Effect of Electromagnetic Waves from Mobile Phones on Spermatogenesis in the Era of 4G-LTE

Jong Jin Oh 1,2, Seok-Soo Byun 1,2, Sang Eun Lee 2, Gheeyoung Choe 3,4, Sung Kyu Hong 1,2,
PMCID: PMC5896334  PMID: 29789776

Abstract

Objective

To investigate the effect of long duration exposure to electromagnetic field from mobile phones on spermatogenesis in rats using 4G-LTE.

Methods

Twenty Sprague-Dawley male rats were placed into 4 groups according to the intensity and exposure duration: Group 1 (sham procedure), Group 2 (3 cm distance + 6 h exposure daily), Group 3 (10 cm distance + 18 h exposure daily), and Group 4 (3 cm distance + 18 h exposure daily). After 1 month, we compared sperm parameters and histopathological findings of the testis.

Results

The mean spermatid count (×106/ml) was 398.6 in Group 1, 365.40 in Group 2, 354.60 in Group 3, and 298.60 in Group 4 (p = 0.041). In the second review, the mean count of spermatogonia in Group 4 (43.00) was significantly lower than in Group 1 (57.00) and Group 2 (53.40) (p < 0.001 and p = 0.010, resp.). The sum of the germ cell counts was decreased in Group 4 compared to Groups 1, 2, and 3 (p = 0.032). The mean Leydig cell count was significantly decreased in Group 4 (p < 0.001).

Conclusions

The longer exposure duration of electromagnetic field decreased the spermatogenesis. Our findings warrant further investigations on the potential effects of EMF from mobile phones on male fertility.

1. Introduction

The prevalence of male infertility at the reproductive age has been estimated to be up to 7-8%, and there has been a tendency to increase in recent decades. With the exception of obstructive causes, idiopathic male infertility originates from decreased sperm quality with no organic, genetic, or endocrine alterations in the genital tract [1]. Various environmental factors, such as heat or certain chemical agents, can deteriorate semen quality [2, 3]. With the increasing rate of male infertility, we should focus on the use of mobile phones, which have been increasingly used worldwide. The use of an electromagnetic field (EMF), which is generated from mobile phones, is increasing, which has increased the interest in investigations on its effects on human health [4]. The rapid growth of mobile phone use has been accompanied by a parallel increase in the density of the EMF [5]. The analogue cell phone system introduced in the 1980s operated at an electromagnetic resonance of 902.5 MHz. The recently developed DCS (Digital Cellular System), which uses a radiofrequency of 1,800 MHz, has spread rapidly [6]. More recently, a 4th-generation communication long-term evolution (4G-LTE) system has been used in mobile phones, which can provide a very fast Internet speed over the current radiofrequency rate.

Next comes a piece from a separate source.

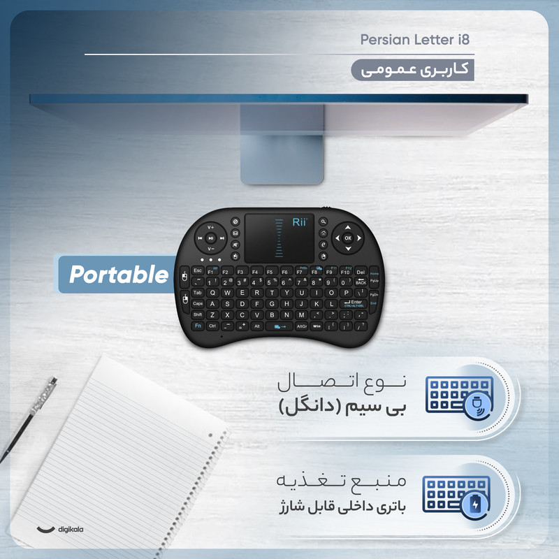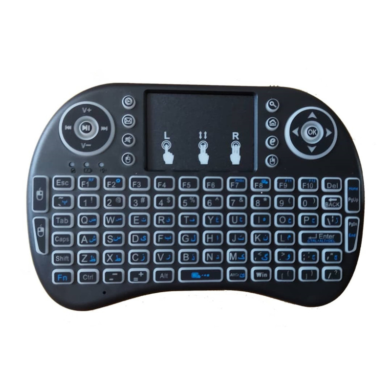 کیبورد بیسیم Persian Letter i8 یک انتخاب فوقالعاده برای افرادی است که به یک کیبورد قابل حمل، همهکاره و مجهز به نورپردازی RGB نیاز دارند. این کیبورد در ابعاد بسیار کوچک ۱۴۶x۹۷x۱۹ میلیمتر طراحی شده و تنها ۹۰ گرم وزن دارد، اما همچنان تمامی کلیدهای ضروری را در خود جای داده است. یکی از ویژگیهای متمایز این محصول، حروف فارسی حک شده روی کلیدها است که امکان تایپ راحتتر برای کاربران فارسیزبان را فراهم میکند. علاوه بر این، تاچپد داخلی تعبیه شده روی کیبورد، عملکردی مشابه ماوس را ارائه میدهد و دیگر نیازی به استفاده از ماوس جداگانه نخواهید داشت. این ویژگی، بهخصوص برای اندروید باکسها، تلویزیونهای هوشمند و دستگاههای کوچک که از ماوس پشتیبانی نمیکنند، بسیار کاربردی است. این کیبورد از طریق دانگل USB با فرکانس ۲.۴ گیگاهرتز به دستگاههای مختلف متصل شده و برد آن تا ۶ متر میرسد. نورپردازی RGB با قابلیت تنظیم رنگ و شدت روشنایی، جلوهای زیبا به این محصول بخشیده و برای استفاده در محیطهای کمنور، بسیار مفید است. انرژی این کیبورد از باتری قابل شارژ لیتیومی تأمین شده که دوام خوب و بالایی دارد و نیاز به تعویض مداوم باتری را برای کاربر از بین میبرد. کیبورد بی سیم Persian Letter i8 محصولی کوچک اما قدرتمند و کاربردی است که ارزش خرید بالایی دارد.

Public concerns have been raised about the potentially harmful effects of EMF emitted from mobile phones [7]. EMF is considered to have harmful effects on the brain and endocrine system, leading to fatigue, headache, and difficulty in concentrating. Recent cross-sectional studies have highlighted that mobile phone use may be associated with semen quality, and phone use may increasingly contribute to male infertility [1, 8, 9]. A clinical study using mobile phones to evaluate spermatogenesis cannot be performed due to the defined harmful effects; therefore, publications on this topic have been preclinical (animal) or epidemiologic studies of patients visiting infertility clinics. However, these studies showed controversial results on the harmfulness of mobile phone use [10, 11]. EMF rapidly decreases with increasing distance from mobile phones. Therefore, we focus on the distance from the EMF and consider that most people have their mobile phones in their pants' pockets. The problem with this setting is that the mobile phone is always on because of its Internet-based communication. The purpose of this study is to determine the effect of the mobile phone (4G-LTE based) on spermatogenesis in rats according to distance and exposure duration over 2 GHz.

2. Materials and Methods

After the approval of the Institutional Animal Care and Use Committee of the Korean Institute of Radiological and Medical Sciences (KIRAMS), our study was performed. And we followed the rules for the care and use of laboratory animals.

2.1. Animals

For the spermatogenesis study, 20 male Sprague-Dawley rats (Korea Biolink, Korea) aged 4 weeks were used. Animals were housed in autoclaved cages (polysulfone, 369L × 215W × 185H (mm)) that were maintained at a controlled temperature (22 ± 2°C) and humidity (50 ± 15%) under a regular 12-hour light (150~300 lux) and 12-hour dark cycle for 2 weeks. All animals were maintained at an animal care facility, and food (20% protein, R3+, SAFE Inc., France) and water were supplied ad libitum.

2.2. EMF Exposure System

The EMF device and shield room were designed to irradiate the experimental groups of rats in equal levels and densities of EMF by the Institute of Biomedical Engineering. The power was generated by a specific generator (Korea E3 Test Institute) operating at 2.104 GHz continuously. For rats weighing between 150 and 200 g, whole-body averaged specific absorption rate (SAR) was determined to be 3.0 W/kg. This resembles the amount of daily human exposure for the general public.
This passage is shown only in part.